The Go implementation mirrors the Python BFS approach. It uses a slice as a queue, slicing off processed elements. Nil checks ensure we only enqueue valid children. The leftmost variable is updated at the start of each level to maintain the correct value.

Worked Examples

Example 1: root = [2,1,3]

Level 1: [2] β†’ leftmost = 2

Level 2: [1,3] β†’ leftmost = 1

Result: 1

Example 2: root = [1,2,3,4,null,5,6,null,null,7]

Level 1: [1] β†’ leftmost = 1

Level 2: [2,3] β†’ leftmost = 2

Level 3: [4,5,6] β†’ leftmost = 4

Level 4: [7] β†’ leftmost = 7

Result: 7

Complexity Analysis

Measure Complexity Explanation
Time O(n) Every node is visited exactly once in BFS
Space O(w) Queue stores at most the maximum width w of the tree at any level

The time complexity is linear because each node is processed exactly once. The space complexity is proportional to the maximum number of nodes at any level, which is the width of the tree.

Test Cases

# test cases
assert Solution().findBottomLeftValue(TreeNode(2, TreeNode(1), TreeNode(3))) == 1  # Example 1
assert Solution().findBottomLeftValue(TreeNode(1, TreeNode(2, TreeNode(4)), TreeNode(3, TreeNode(5), TreeNode(6, TreeNode(7))))) == 7  # Example 2
assert Solution().findBottomLeftValue(TreeNode(1)) == 1  # Single node
assert Solution().findBottomLeftValue(TreeNode(1, TreeNode(2))) == 2  # Left skewed
assert Solution().findBottomLeftValue(TreeNode(1, None, TreeNode(3))) == 3  # Right skewed
Test Why
[2,1,3] Verifies small complete tree
[1,2,3,4,null,5,6,null,null,7] Verifies larger tree with deep leftmost node
[1] Single node edge case
[1,2] Left skewed tree edge case
[1,null,3] Right skewed tree edge case

Edge Cases

One important edge case is a tree with only one node.
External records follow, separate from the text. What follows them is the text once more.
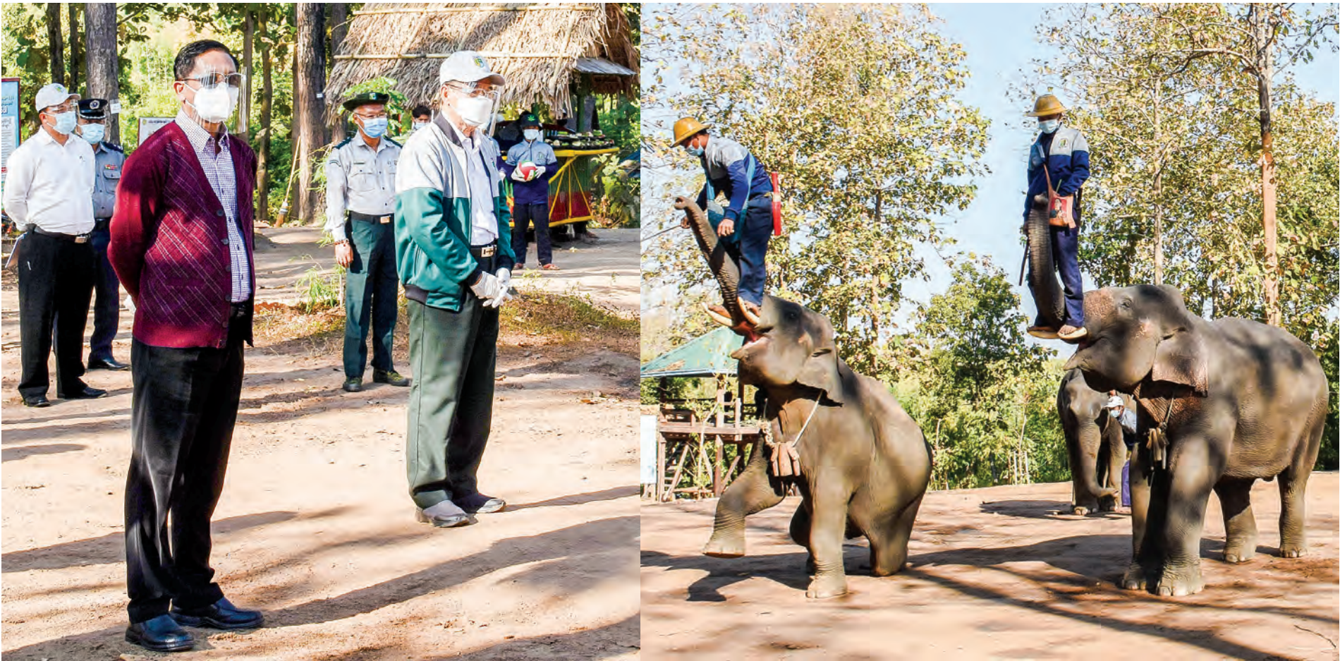
Vice-President U Henry Van Thio and officials are viewing the elephants' shows during his inspection tour near Nay Pyi Taw on 5 January 2021.
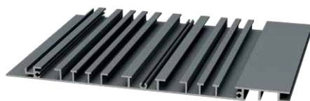
240MM FLOW CLADDING BOARD
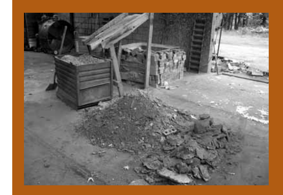
Welch Group Environmental: The Melting Operation.

Since the tree has no children, the leftmost bottom value is the root itself. Another is a left-skewed tree where each node only has a left child. Traversing level by level ensures the algorithm correctly identifies the deepest leftmost node. The third edge case is a right-skewed tree, where the algorithm still works because it tracks the first node in each level; even if a level has only right children, the first node in that level is taken as leftmost. All these cases are correctly handled by BFS updating the leftmost value at the start of each level.